A Associação dos Magistrados do Paraná nega haver ação coordenada ou intimidação. "A imprensa deve ser livre. Mas, se abuso houver, ele deve ser reparado", defendeu a associação, em nota. Nesse caso, diz, a reportagem sugeriu que os juízes estariam praticando um ato ilícito, recebendo acima do teto.
A defesa da "Gazeta do Povo" recorreu ao STF (Supremo Tribunal Federal), argumentando que nenhum magistrado no Paraná é isento para julgar a causa, mas o pedido de suspender as ações foi negado.

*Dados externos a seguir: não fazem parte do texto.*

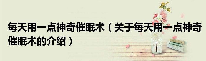 大家好,小安来为大家解答以上的问题。每天用一点神奇催眠术,关于每天用一点神奇催眠术的介绍很多人还不知道,现在让我们一起来看看吧!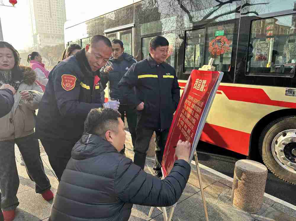 车厢普法流动化 ,法治氛围入人心。2路公交车打造成“宪法宣传车厢”,车内配备《宪法知识读本》《公交出行法律指南》等资料,化身“流动法治课堂”。乘客张红表示,乘车间隙就能学习宪法知识,这种宣传方式便捷又实用,不少乘客还在车厢内交流学法心得、拍摄宣传资料,让法治春风随公交线路浸润人心。宣誓签字表决心 ,筑牢法治信仰根基。在八楼站宪法宣誓台前,后勤服务中心职工与公交驾驶员庄严宣誓,以铿锵誓言表达尊法守宪的决心。宣誓后,职工与乘客纷纷在宣传海报上签字,公交驾驶员表态将在工作中兼任宪法宣传员,短短一上午,60余个签名成为活动现场的法治风景线。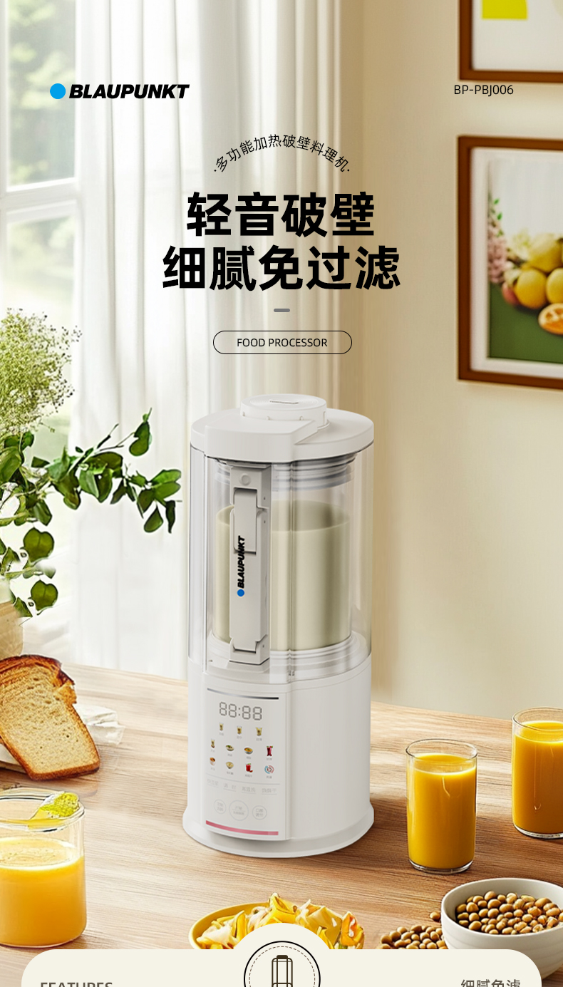 【京东/顺丰配送】BLAUPUNKT/德国蓝宝1.5升多功能加热破壁料理机BP-PBJ006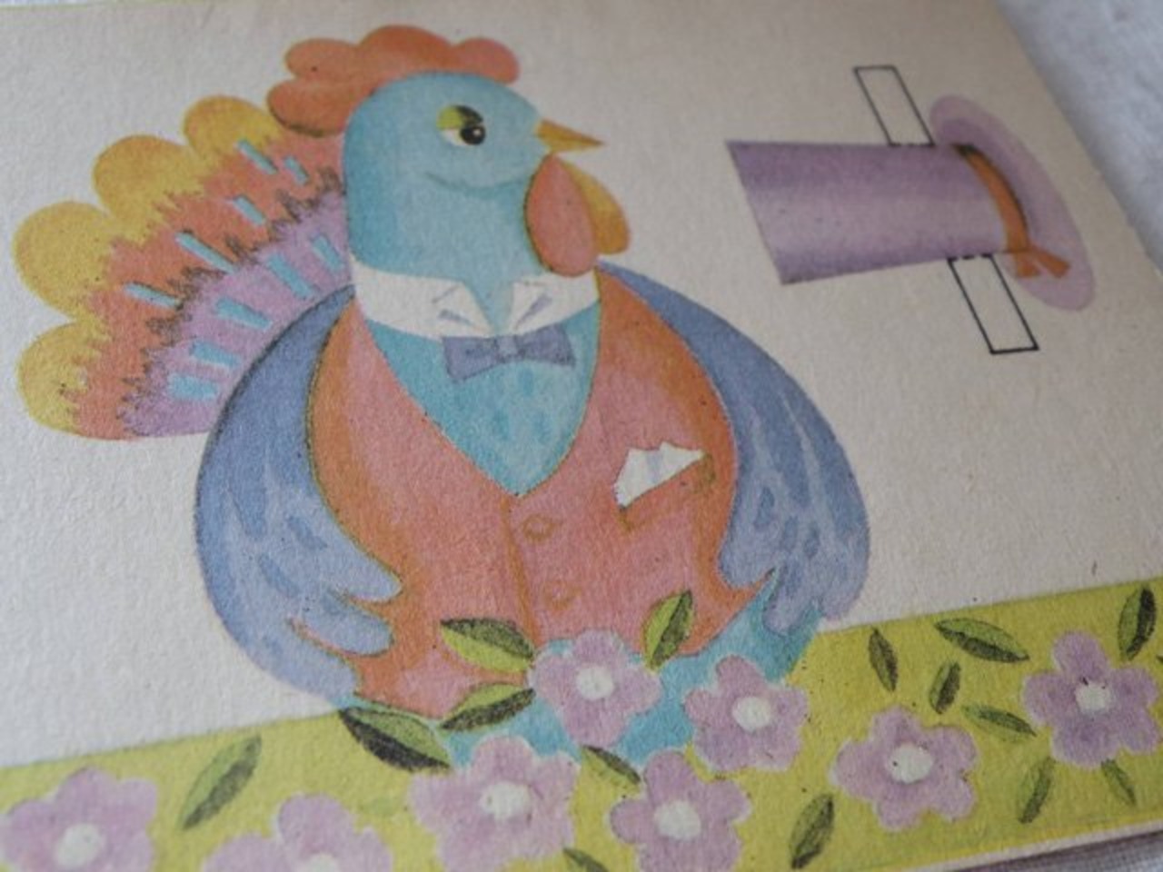古くて黄みが濃い厚紙、味のあるカラープリント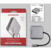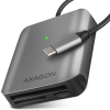 Aluminum 3in1 memory card reader AXAGON CRE-S3C SUPERSPEED with USB 3.2 Gen 1 interface supports all current versions of SD and microSD cards including SDXC and microSDXC with capacity up to 2TB. It also supports CF cards with capacity up to 128PT. Thanks to the modern reversible USB-C connector, you can easily connect the reader to a laptop, phone or computer with a USB-C connector.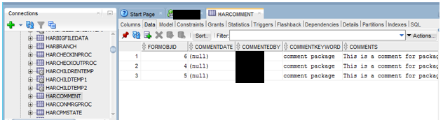 Checking the Oracle or SQL Server database to see the contents of this table, a row for each “instance” of this type of form will be listed there.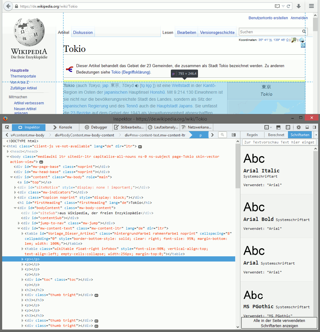 ich möchte wissen, welche Schriftart (mit welchen Einstellungen/Formatierungen) in Wikipedia in den Artikeln verwendet wird.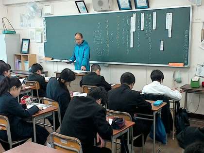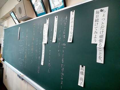 1年3組では、西邨先生が高橋尚子さんの読み物を使って授業をされていました。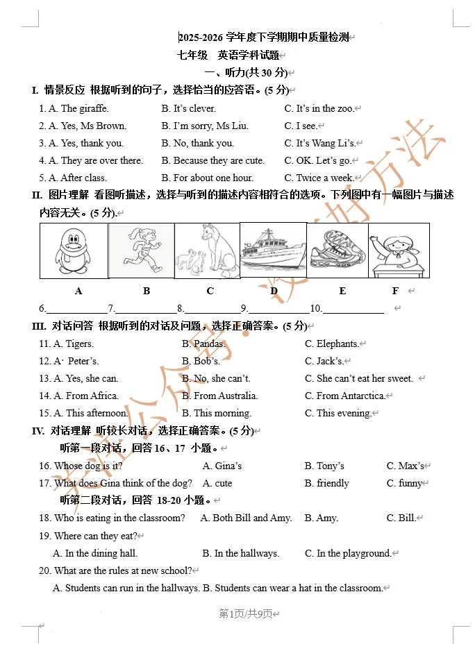 【最新试卷】2026吉林七中初一下期中英语试卷(含答案)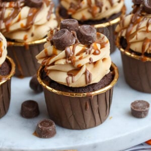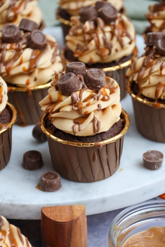 - Loosen the caramel you’re using slightly with a spoon and drizzle over the cupcakes.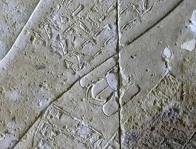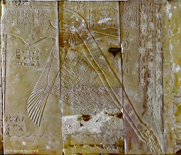 En dessous la bouche de Nout, le texte explique que le soleil entre dans la Douat par la bouche de Nout. Cette scène est représentée ici, le soleil ayant encore ses ailes déployées.
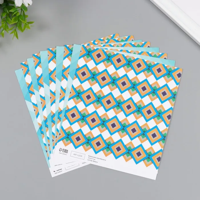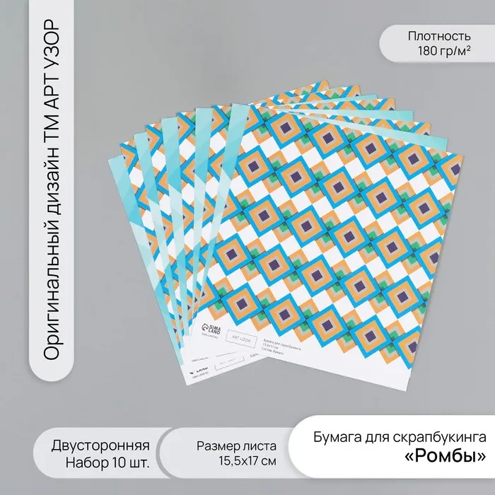 Бумага для скрапбукинга двусторонняя «Ромбы», плотность 180 г, набор 10 шт., 15.5×17 см — Характеристики

A ANJ (Associação Nacional de Jornais) declarou ser "absolutamente solidária" à Gazeta do Povo e disse que o caso é "uma ofensa ao exercício do jornalismo e à liberdade de imprensa".
fonte
***
A Abraji repudia a retaliação de magistrados e promotores do Paraná ao jornal Gazeta do Povo e cinco de seus profissionais, iniciada no começo deste ano. Em reação a reportagens publicadas em fevereiro de 2016 sobre suas remunerações, juízes e promotores paranaenses moveram 36 ações judiciais por danos morais. O número deve aumentar.
Os processos foram protocolados em Juizados Especiais, o que obriga os jornalistas Chico Marés, Euclides Lucas Garcia e Rogério Galindo, além do analista de sistemas Evandro Balmant e do infografista Guilherme Storck a comparecer a todas as audiências de conciliação. Como há ações em todo o estado, os profissionais já percorreram mais de seis mil quilômetros nos últimos dois meses, atendendo a 18 intimações.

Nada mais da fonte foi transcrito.